**Dataset excerpts**
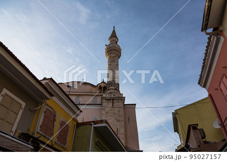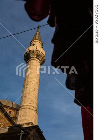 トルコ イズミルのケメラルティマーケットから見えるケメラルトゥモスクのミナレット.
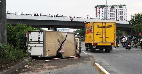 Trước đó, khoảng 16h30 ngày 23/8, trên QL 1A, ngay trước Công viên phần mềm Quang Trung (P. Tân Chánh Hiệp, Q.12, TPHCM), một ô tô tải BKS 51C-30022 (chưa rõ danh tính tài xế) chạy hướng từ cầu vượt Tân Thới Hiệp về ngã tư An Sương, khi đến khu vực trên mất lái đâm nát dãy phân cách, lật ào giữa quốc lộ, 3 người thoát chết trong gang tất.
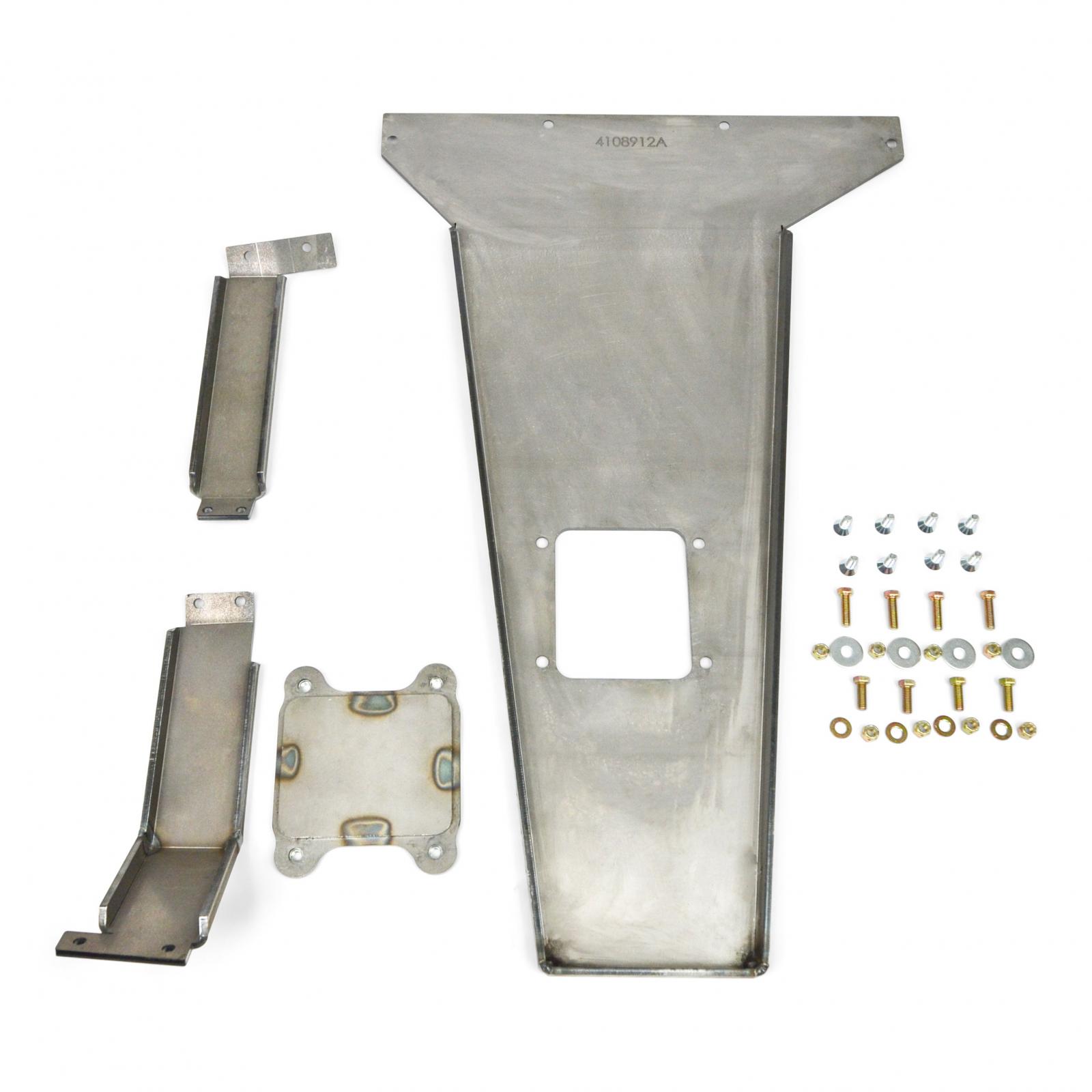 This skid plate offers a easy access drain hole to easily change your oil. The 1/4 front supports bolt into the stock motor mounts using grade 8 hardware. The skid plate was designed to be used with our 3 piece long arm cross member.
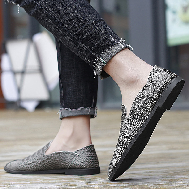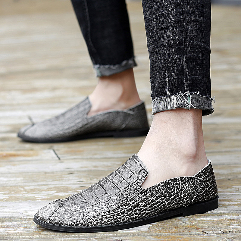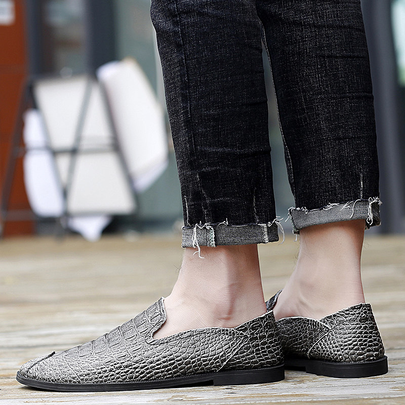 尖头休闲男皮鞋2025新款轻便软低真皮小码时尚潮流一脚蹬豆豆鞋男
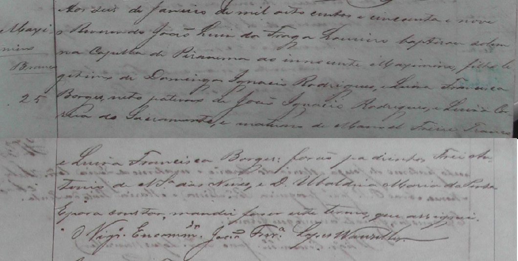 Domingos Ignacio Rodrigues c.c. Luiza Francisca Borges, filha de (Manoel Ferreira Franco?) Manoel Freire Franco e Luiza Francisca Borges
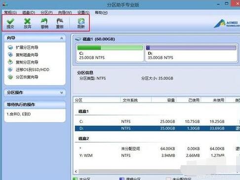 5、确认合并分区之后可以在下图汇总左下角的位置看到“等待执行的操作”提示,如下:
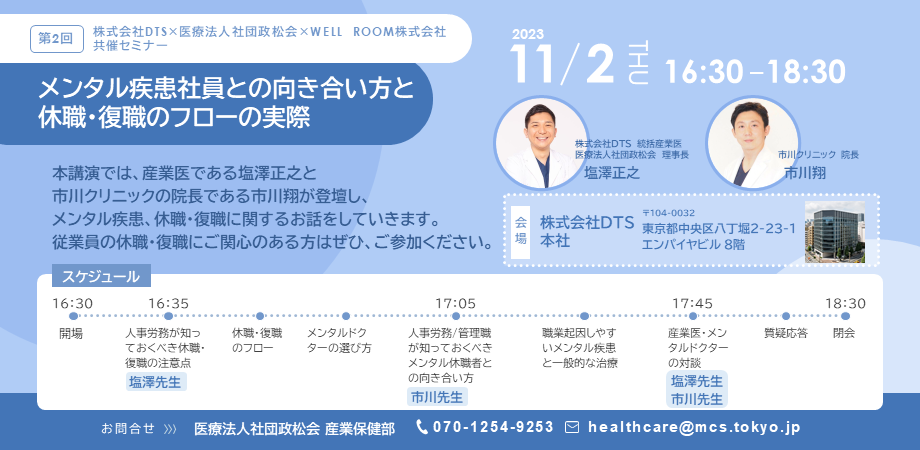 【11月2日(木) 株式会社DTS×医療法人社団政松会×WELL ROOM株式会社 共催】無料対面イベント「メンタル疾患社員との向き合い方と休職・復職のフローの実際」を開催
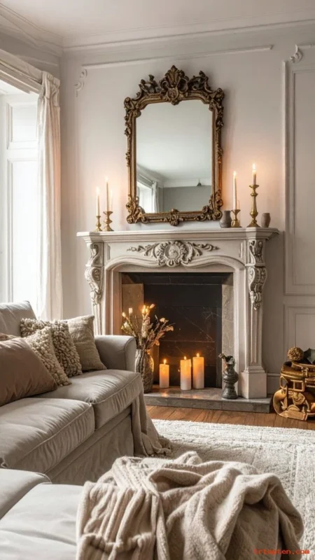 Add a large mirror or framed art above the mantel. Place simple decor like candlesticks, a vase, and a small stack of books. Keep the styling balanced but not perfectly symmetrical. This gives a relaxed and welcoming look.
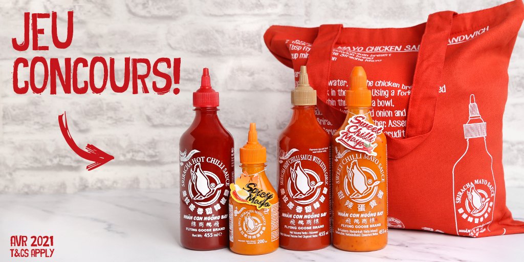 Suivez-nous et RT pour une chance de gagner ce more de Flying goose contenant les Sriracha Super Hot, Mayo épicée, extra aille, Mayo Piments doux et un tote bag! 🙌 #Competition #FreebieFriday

...

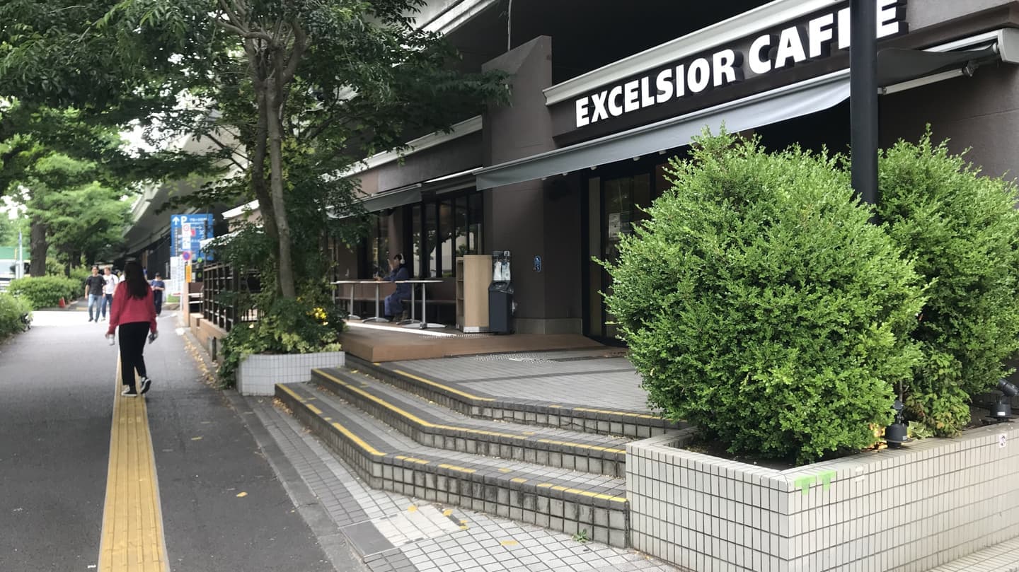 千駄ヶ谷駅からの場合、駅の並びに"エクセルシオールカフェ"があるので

==

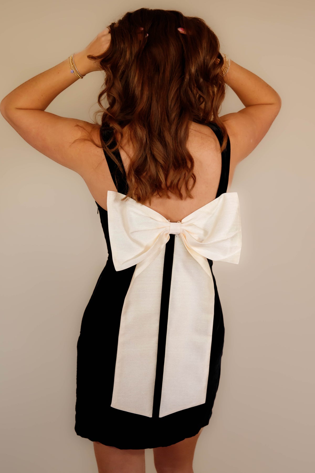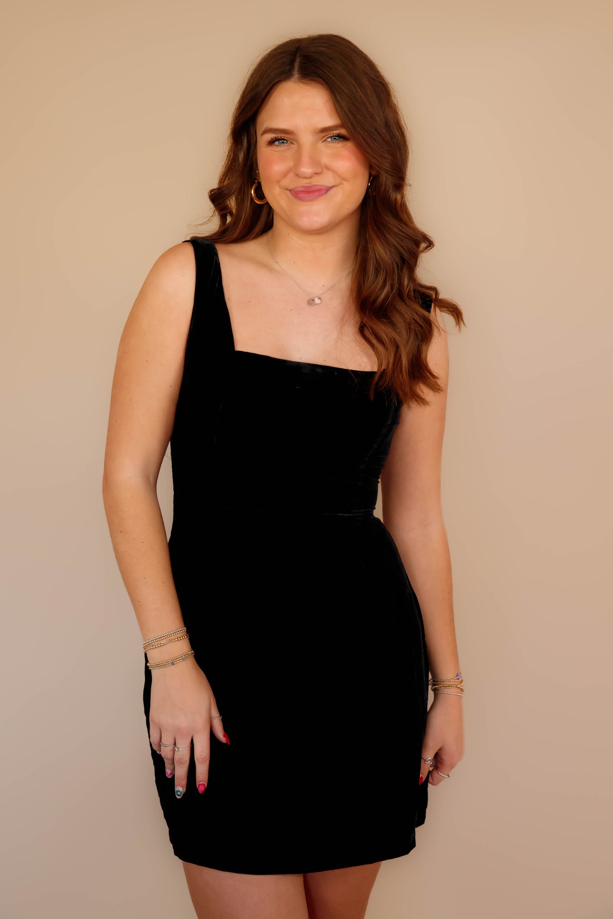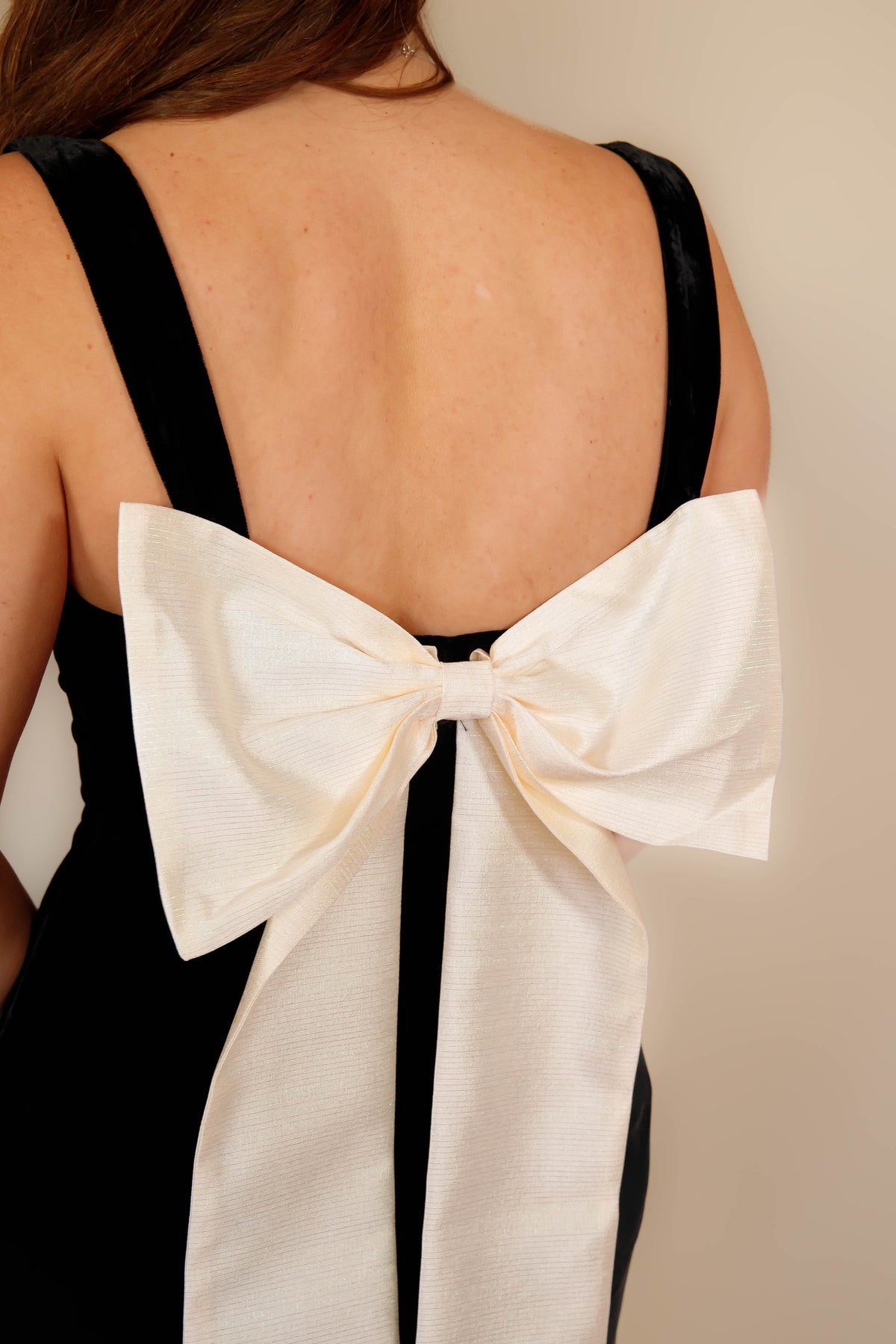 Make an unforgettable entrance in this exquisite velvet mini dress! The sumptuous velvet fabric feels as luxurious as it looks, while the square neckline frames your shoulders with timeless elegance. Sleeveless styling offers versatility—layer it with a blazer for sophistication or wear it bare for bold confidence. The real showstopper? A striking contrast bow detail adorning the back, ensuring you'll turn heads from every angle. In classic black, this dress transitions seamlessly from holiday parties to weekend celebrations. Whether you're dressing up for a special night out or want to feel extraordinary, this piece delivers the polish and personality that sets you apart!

**Exercise aim**
From the data above, return exactly the lines from the one with "トルコ イズミルのケメラルテ" up to and including the one with "Suivez-nous et RT". Pictures do not go in the copy.

**The completed task**
 トルコ イズミルのケメラルティマーケットから見えるケメラルトゥモスクのミナレット.
 Trước đó, khoảng 16h30 ngày 23/8, trên QL 1A, ngay trước Công viên phần mềm Quang Trung (P. Tân Chánh Hiệp, Q.12, TPHCM), một ô tô tải BKS 51C-30022 (chưa rõ danh tính tài xế) chạy hướng từ cầu vượt Tân Thới Hiệp về ngã tư An Sương, khi đến khu vực trên mất lái đâm nát dãy phân cách, lật ào giữa quốc lộ, 3 người thoát chết trong gang tất.
 This skid plate offers a easy access drain hole to easily change your oil. The 1/4 front supports bolt into the stock motor mounts using grade 8 hardware. The skid plate was designed to be used with our 3 piece long arm cross member.
 尖头休闲男皮鞋2025新款轻便软低真皮小码时尚潮流一脚蹬豆豆鞋男
 Domingos Ignacio Rodrigues c.c. Luiza Francisca Borges, filha de (Manoel Ferreira Franco?) Manoel Freire Franco e Luiza Francisca Borges
 5、确认合并分区之后可以在下图汇总左下角的位置看到“等待执行的操作”提示,如下:
 【11月2日(木) 株式会社DTS×医療法人社団政松会×WELL ROOM株式会社 共催】無料対面イベント「メンタル疾患社員との向き合い方と休職・復職のフローの実際」を開催
 Add a large mirror or framed art above the mantel. Place simple decor like candlesticks, a vase, and a small stack of books. Keep the styling balanced but not perfectly symmetrical. This gives a relaxed and welcoming look.
 Suivez-nous et RT pour une chance de gagner ce more de Flying goose contenant les Sriracha Super Hot, Mayo épicée, extra aille, Mayo Piments doux et un tote bag! 🙌 #Competition #FreebieFriday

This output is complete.